Слова подпоручика прозвучали со столь неожиданной дерзостью, что Макаров и Арапов не нашлись что-либо сказать. Подпоручик, отвязав лошадь, хотел было уже садиться в седло, но раздумал, увидев появившиеся подводы с ранеными солдатами. Обоз замыкали две крестьянские телеги, на которых сидели бабы с ребятишками. Кто-то из маленьких плакал, но сидевшие в телеге на плач не обращали внимания. Проезжая мимо, бабы смотрели на офицеров с опаской, словно боялись, что те могут повернуть их обратно.
– Куда вы? – спросил Арапов.
– Кто примет, погорелые мы… – ответили с последней телеги.
– А мужики ваши где?
– Погорелые мы… – повторил тот же голос.
– Боже, сколько горя принесла эта война и сколько еще принесет, – промолвил Макаров с состраданием.
– Вы правы, – согласился с ним подпоручик, все еще остававшийся у коновязи. – Слез много и будет еще больше.
Он легко влез в седло и поскакал прочь.
– Кто это? – спросил Арапов.
– Он называл себя, но я забыл, – отвечал Макаров. – Странная, нерусская фамилия.
– Смелый юноша, – заметил Арапов. – Но Бог с ним, – махнул он рукой, – не будем говорить о нем. Расскажите лучше о себе. Как вы здесь оказались?

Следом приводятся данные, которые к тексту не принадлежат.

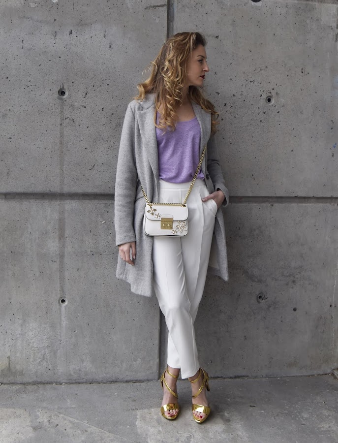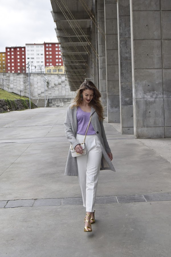 Uno de los tonos que mejor combina con el color lavanda es el blanco, especialmente en conjuntos frescos y primaverales. El gris es otro de los compañeros ideales para este tipo de malva, siguiendo esta tendencia y para dar protagonismo a la camiseta lo combiné con blanco y gris.

– Еду к Чичагову на службу.
– В Дунайскую армию? А почему не во флот?
– Флот? Какой? Разоряется наш флот… А у меня к Чичагову рекомендательное письмо. Говорят, морским офицерам он оказывает покровительство.
– Но как же к нему поедете? Если поедете этой дорогой, то попадете не к Чичагову, а в руки французов.
– Я знаю, мне уже сказали… Говорят, французы уже под Смоленском. Придется возвращаться и ехать через Москву. – Макаров махнул рукой, давая понять, что им уже все решено и об этом не стоит более говорить. – Ну, а вы как? Каким образом здесь оказались? Уже не гусаром ли стать собираетесь?
– Я почти и так гусар, только мундир на мне флотский остался, – с грустной усмешкой промолвил Арапов.
Он рассказал о том, как попал в корпус Витгенштейна, упомянув о сражении, в котором был убит его начальник генерал Кульнев.
– Как я понял, вы человек теперь почти свободный, – сказал Макаров. Может быть, к Чичагову вместе поедем? Ежели не доберемся до Чичагова, добавил он с воодушевлением, – в главной армии останемся. Все-таки решающие сражения ожидаются там, а не здесь.
– Это невозможно, – сказал Арапов. – Я уже дал согласие командующему служить у него и занесен в списки штабных офицеров.
Макаров выразил сожаление, но уговаривать бывшего сослуживца изменить свое решение не стал. Поговорив еще немного, они стали прощаться. Лошадь Макарова стояла тут же, у коновязи. Он отвязал ее и, не выпуская поводка, снова обратился к Арапову:
– Забыл сообщить важную новость. Когда уезжал из Петербурга, там прошел слух о назначении главнокомандующим русской армии Кутузова.
– Победителя турок? – обрадовался Арапов.
– В верности слуха не убежден, но слух сей идет от серьезных людей, близких к властям.
Макаров поехал той же дорогой, что и молодой подпоручик, так поразивший Арапова смелостью своих суждений. "Если слух верен, если и в самом деле главным будет Кутузов, положение может быстро измениться".
Прошло несколько дней, и слух о назначении Кутузова главнокомандующим русской армии подтвердился. В лагере оживились. О Кутузове как полководце не знали разве что рекруты. Многие солдаты и офицеры помнили его по прежним войнам. Они не скрывали своей радости, крестились: "Слава тебе, Господи, не будет теперь отступления!.."
Вечером, отдыхая в своей палатке, Арапов слышал, как солдаты салютовали из ружей и кричали на весь лагерь: "Едет Кутузов бить французов! Едет Кутузов бить французов!"
Назначение нового главнокомандующего вселило в людей добрые надежды.